Brandon's life is almost perfect: a steady job, a nice apartment, good friends and women adore him. But something prevents Brandon from having a relationship that lasts more than four months, this incapacity is due to the fact that Brandon is a sex addict: to casual encounters with strangers and prostitutes, to pornography (both during and after working hours), to masturbation. And to some extent he seems to have his addiction under control, until her sister Sissy arrives unexpectedly looking for a place to live for a while.

British director Steve McQueen delivers a fascinating character study that explores how modern life (in which new technologies play a major role), increasingly isolates people and makes them unable to establish emotional bonds with others. In Brandon's case, a hunter in search of pleasure and not love, the arrival of his sister will turn him into a prey of his own emotions and will make him face his reality.

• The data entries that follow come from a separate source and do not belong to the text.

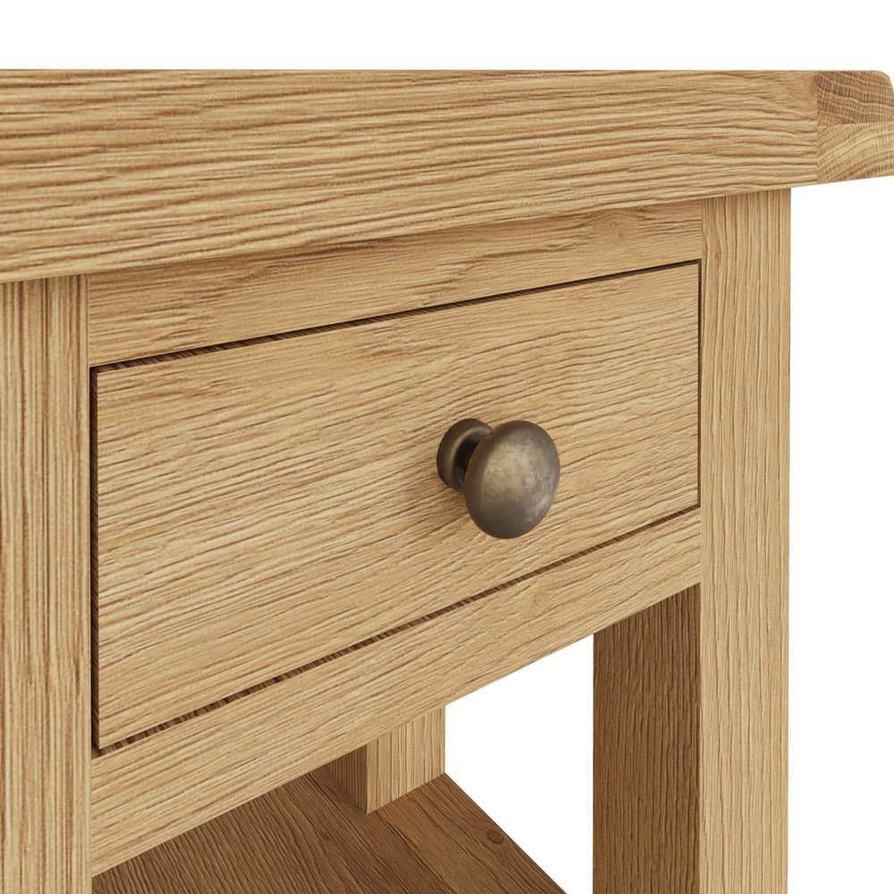 Create an inviting space with Home Source Copenhagen Single Drawer Solid Wood Oak Veneer Side Table. Crafted from solid oak and real oak veneer, it has a natural finish. The antique brass effect handle gives it a timeless touch, while the sturdy build ensures it lasts for years. The drawer is traditionally made with real dovetailed joints for added strength, and the handy undershelf provides extra storage for books, decor items or everyday essentials.
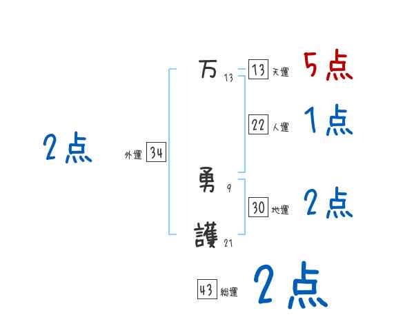 天運![]() | 万勇護さんの天運は13画の5つ星!才能に恵まれ人気がある。名声を手に入れる。円満な人生。 家系が持つ宿命的な運勢を表します。祖先から受け継いだ苗字ですので自分の力が及びません。家柄を象徴します。 |
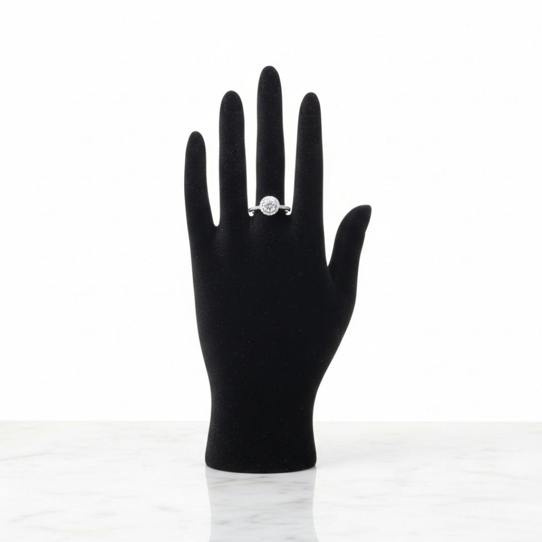 The GL Round Halo Zircon Ring features a brilliant circular zircon center stone, beautifully surrounded by a halo of smaller zircon stones for enhanced sparkle. The pavé-set band adds refined brilliance, creating a timeless yet luxurious look.
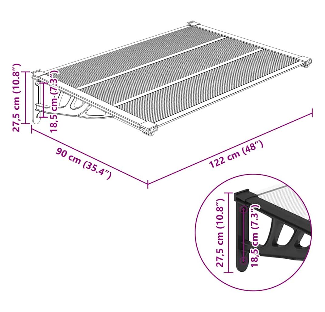 - Material durabil: Foile goale din policarbonat ale copertinei pentru ușa frontală, sunt incredibil de durabile, rezistente la intemperii și la coroziune.
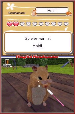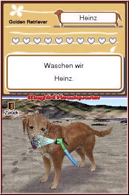 Denn grafisch muß sich das Spiel keinesfalls vor der Nintendo Konkurrenz verstecken und bietet ähnliche Animationen und Proportionen. Sobald Ihr eine erste kurze Bekanntschaft gemacht hat, startet die Operation Zähmung. Nach wie vor wird der Hund im Top Screen angezeigt, während nun im Touch Screen verschiedene Anzeigen und Menupunkte auf euch warten. Diese Menupunkte kann man scrollen, da es mehr sind als gleichzeitig auf den Screen passen würden. Dazu die ganz wichtige Herzenanzeige. Das Ziel muß es nun sein den Hund zu zähmen. Das geht nur wenn Ihr die Zuneigung des Tieres erhaltet. Über diese Herzenanzeige wird euch immer angezeigt wie sehr das Tier euch mag. Um nun die Herzleiste zu füllen gilt es die Menupunkte im Touch Screen zu nutzen. Das beginnt beim Füttern des Hundes, reicht über das Streicheln, Bürsten und Waschen bis hin zu den Punkten Spielen und Ausgehen. Tippt man einen dieser Punkte an, wechselt die eigentliche Action nun logischerweise in den Touch Screen. Beispiel Streicheln und das ganze spielt sich haargenau wie Nintendogs. Per Pen, der sich erneut am besten macht, führt Ihr eine Hand über das Fell des Hundes, der euch nun durch kleine Glitzersternchen anzeigt das ihm das gefällt, was Ihr gerade tut. Im Gegenzug gibt er aber auch mürrische Töne von sich, wenn Ihr ihn irgendwo streichelt, wo er es garnicht mag. Irgendwann habt Ihr genug gestreichelt und der Bildschirm wechselt von selber zurück auf die Ausgangsvariante. Ihr erhaltet in einer kleinen Animation ein "Feedback" vom Hund, der euch nun je nach Gefühl 1 oder 2 Herzen spendiert. 4 Herzen sind im Spiel nun das Minimum das Ihr Erreichen solltet. Denn ab 4 Herzen gibt es die ersten Fotos in euer Album. Um die Herzanzeige nun zu pushen nutzt man alle Möglichkeiten des Menus. Mal Füttern oder Ausgehen um dann wieder zu streicheln oder das Thema Sauberkeit ins Spiel zu bringen. Hier kommt nun langsam der entscheidende Nachteil gegenüber der Nintendogs Reihe zum Tragen. Es gibt im Spiel weder einen Shop, noch Wettbewerbe oder großartige Auswahlmöglichkeiten bei den Items. Allein das Füttern ist immer gleich und besteht nur aus der Reihenfolge von 3 möglichen Futter Utensilien.

One aspect that has caused controversy is the way so raw and explicit to show Brandon's sexual encounters, however this becomes a necessary element, since it is through them that you can see Brandon's need and desperation as Sissy is more involved in his life. Special mention deserves the dynamics established between them, since it is fully nuanced and can even be uncomfortable to witness but is devastatingly emotional (especially in the last minutes of the story).

However, the most important element for the success of the film lies in the performances: in the hands of less committed actors Brandon and Sissy's conflicts would be unconvincing, but McQueen wisely chooses Michael Fassbender (both had previously worked together on Hunger), who literally bares body and soul to take Brandon's emotions to the limit and does it so impressively in a brave and courageous performance (and unfortunately the Academy possibly considered too intense for consideration in their nominations). Meanwhile Carey Mulligan proves to be one of the young actresses with the best prospects and acting range nowadays: her rendition of the classic song New York, New York is an utter delight as well is one of the best scenes in the film.

Shame, in the end (as in most character studies) does not seek to create empathy for the characters, but rather wants us to reflect and ask ourselves how we would react in similar situations.